LISTED ENTRIES START

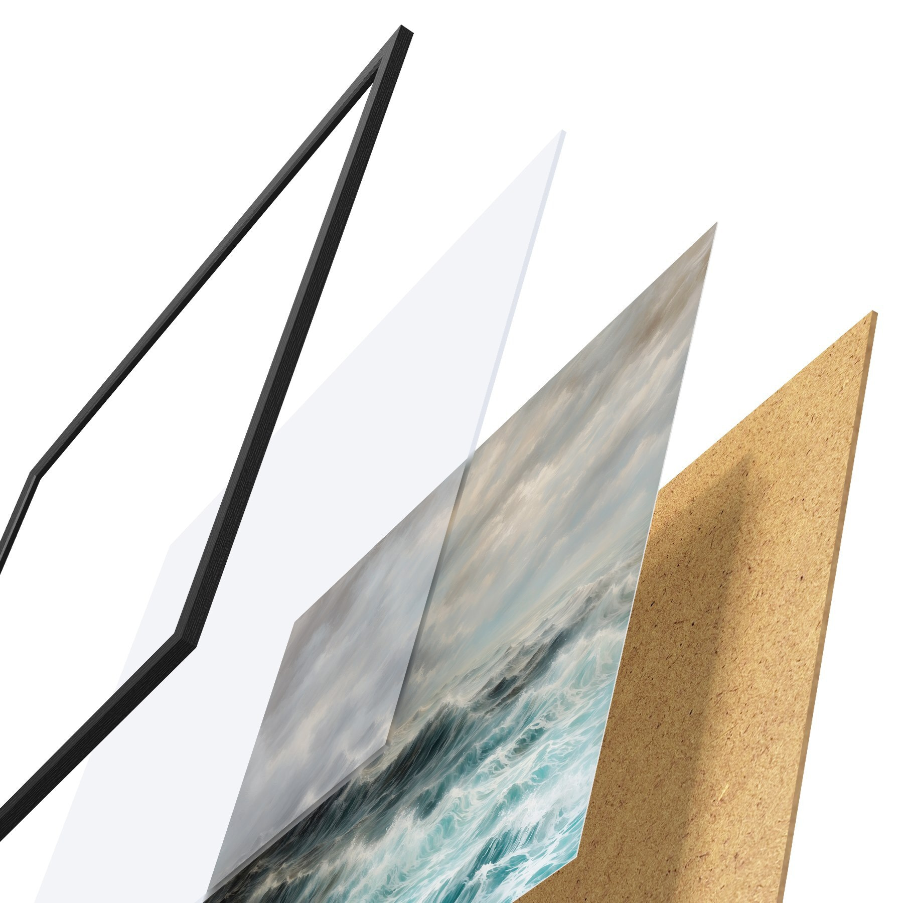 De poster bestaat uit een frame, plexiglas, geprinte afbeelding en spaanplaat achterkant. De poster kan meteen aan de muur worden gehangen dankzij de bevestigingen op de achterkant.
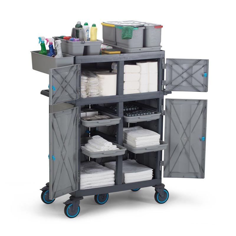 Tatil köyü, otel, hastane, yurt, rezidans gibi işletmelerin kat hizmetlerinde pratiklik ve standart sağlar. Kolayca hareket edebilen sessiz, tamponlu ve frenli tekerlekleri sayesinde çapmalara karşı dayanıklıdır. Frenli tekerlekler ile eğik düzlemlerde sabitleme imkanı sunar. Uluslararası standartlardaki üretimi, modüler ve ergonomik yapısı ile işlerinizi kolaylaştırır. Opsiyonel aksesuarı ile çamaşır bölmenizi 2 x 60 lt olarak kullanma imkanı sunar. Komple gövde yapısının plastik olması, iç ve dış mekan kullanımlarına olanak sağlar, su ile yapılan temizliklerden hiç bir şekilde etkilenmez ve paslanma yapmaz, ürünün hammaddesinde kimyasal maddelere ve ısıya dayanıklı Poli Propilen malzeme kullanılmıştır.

LISTED ENTRIES END
LISTED ENTRIES START

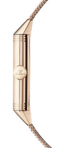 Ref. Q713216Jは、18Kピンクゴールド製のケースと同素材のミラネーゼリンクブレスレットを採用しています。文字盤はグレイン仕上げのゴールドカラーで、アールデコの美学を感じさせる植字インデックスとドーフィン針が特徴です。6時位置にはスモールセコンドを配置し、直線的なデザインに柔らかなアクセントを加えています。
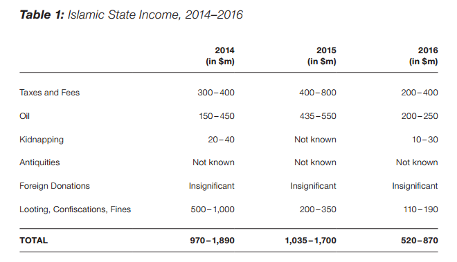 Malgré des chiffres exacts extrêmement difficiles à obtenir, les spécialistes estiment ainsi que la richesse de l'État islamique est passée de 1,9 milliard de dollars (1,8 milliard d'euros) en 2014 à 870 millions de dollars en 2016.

LISTED ENTRIES END

### WORK ITEM
Only the lines above from the one with "Ref. Q713216Jは" to the one with "Malgré des chiffres" should be printed, both included and exactly as written; no picture belongs in the copy.

### TASK OUTPUT
 Ref. Q713216Jは、18Kピンクゴールド製のケースと同素材のミラネーゼリンクブレスレットを採用しています。文字盤はグレイン仕上げのゴールドカラーで、アールデコの美学を感じさせる植字インデックスとドーフィン針が特徴です。6時位置にはスモールセコンドを配置し、直線的なデザインに柔らかなアクセントを加えています。
 Malgré des chiffres exacts extrêmement difficiles à obtenir, les spécialistes estiment ainsi que la richesse de l'État islamique est passée de 1,9 milliard de dollars (1,8 milliard d'euros) en 2014 à 870 millions de dollars en 2016.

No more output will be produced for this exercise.